If you extrapolate that percentage to the adult population of America,

it works out to more than 10 million people. No one knows what fraction

of them might consequently die of a stroke or heart attack -- plenty of

other factors affect heart disease -- but if it were merely 0.0003

percent, that would be higher than the 9/11 death toll.

Of course, statistics of any sort, even when the numbers are rock

solid, don't mean much to people when they're assessing threats. Risk

researchers have found that even when people know the numbers, they're

less worried about death tolls than about how the deaths occur. They

have good reasons -- called "rival rationalities" -- for fearing

catastrophes that kill large numbers at once because these events

affect the whole community and damage the social fabric.

But continual fear of terrorism is a strain on the social fabric, too.

People become reluctant to even get together when public spaces are

turned into fortified zones. Civil liberties erode and mistrust

increases when the authorities keep warning of lurking terrorists and

urging people to report "suspicious" activity, as in the ubiquitous

advertisements in the New York subways exhorting people to call in tips

to a counterterrorism hot line.

The sponsors of the New York campaign were so pleased with the results

that they papered the subways with congratulations to the riders: "Last

year, 1,944 New Yorkers saw something and said something." But as

William Neuman reported in The Times, the ads neglected to mention the

number of terrorists arrested as a result of the tips: zero.

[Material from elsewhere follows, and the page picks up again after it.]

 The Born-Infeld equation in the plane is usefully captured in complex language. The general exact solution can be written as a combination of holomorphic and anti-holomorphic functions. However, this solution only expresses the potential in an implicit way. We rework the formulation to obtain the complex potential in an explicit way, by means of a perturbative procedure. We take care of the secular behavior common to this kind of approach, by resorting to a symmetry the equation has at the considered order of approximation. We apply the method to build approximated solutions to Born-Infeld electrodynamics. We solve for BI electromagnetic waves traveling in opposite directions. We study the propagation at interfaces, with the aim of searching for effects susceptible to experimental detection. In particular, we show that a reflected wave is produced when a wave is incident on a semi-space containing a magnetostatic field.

Meanwhile, how many subway riders were given diagnoses of new heart

problems after riding to work every morning looking at ads reminding

them that they might be blown to bits any second? Not zero, if you

believe the new study.

Even before this study, some doctors were arguing that terrorism wasn't

nearly as dangerous as the related "epidemic of fear," as Marc Siegel

called it in a 2005 book, "False Alarm." Dr. Siegel, of the New York

University School of Medicine, pointed to studies linking fear of

terrorism with increased risk of heart arrhythmias and elevated levels

of an enzyme that correlates with heart disease.

"The fear response causes the heart to pump harder and faster, the

nerves to fire more quickly," Dr. Siegel said. "Excess triggering of

this system of response causes the organs to wear down. For a person

who is always on the alert, the result is a burned out body."

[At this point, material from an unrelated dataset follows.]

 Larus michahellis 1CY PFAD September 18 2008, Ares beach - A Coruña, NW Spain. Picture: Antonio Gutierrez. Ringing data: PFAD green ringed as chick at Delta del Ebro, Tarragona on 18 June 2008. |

It's not fair to blame public officials alone for this fear epidemic.

We in the news media have done our part to scare people. (More on how

the "terrorism industry" distorts risks can be found at

tierneylab.blogs.nytimes.com.) But since there hasn't been an attack in

America for six years, for domestic drama we've had to rely on dire

predictions of politicians and security officials.

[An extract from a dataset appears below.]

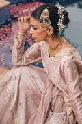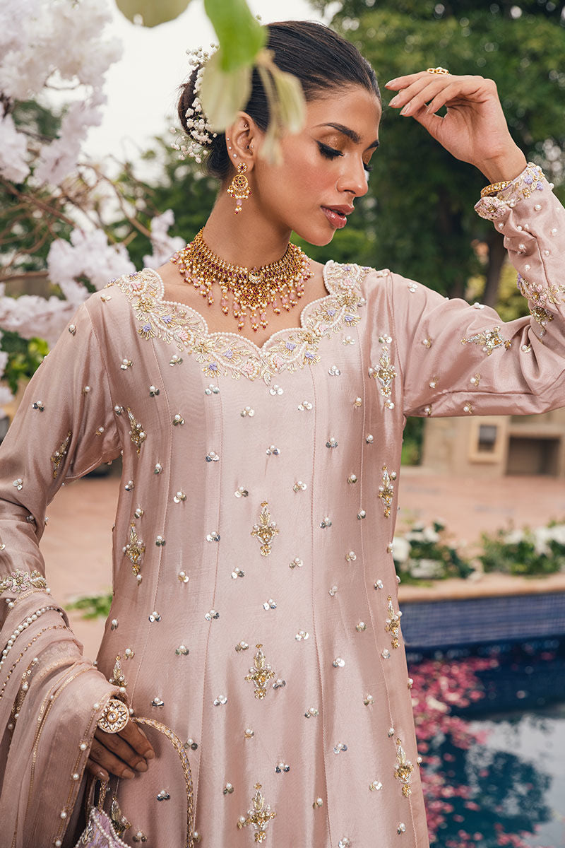 Long shirt in decadent coffee pink on silk canvas featuring opulent silk thread embroidered details in subtle ivory’s, pinks and lilacs which are further enhanced with all silver golden handwork. The shirt can be paired with matching jamawar flared pants.

What if the alerts stopped? What if the security officials looked at

this new medical evidence -- or at their own perfect record of false

alarms -- and decided that the nation did not need to be in a perpetual

state of yellow alert? What if they even decided that Americans could

survive without any color at all?

I guess that's a hopeless fantasy. No politician wants to be blamed for

failing to anticipate a terrorist attack. No bureaucrats willingly

abandon a system that keeps them employed.

But maybe these officials could be induced to take one more precaution.

The next time they raise the threat level to orange or red, they could

add, "Warning: Heeding this alert may be hazardous to your health."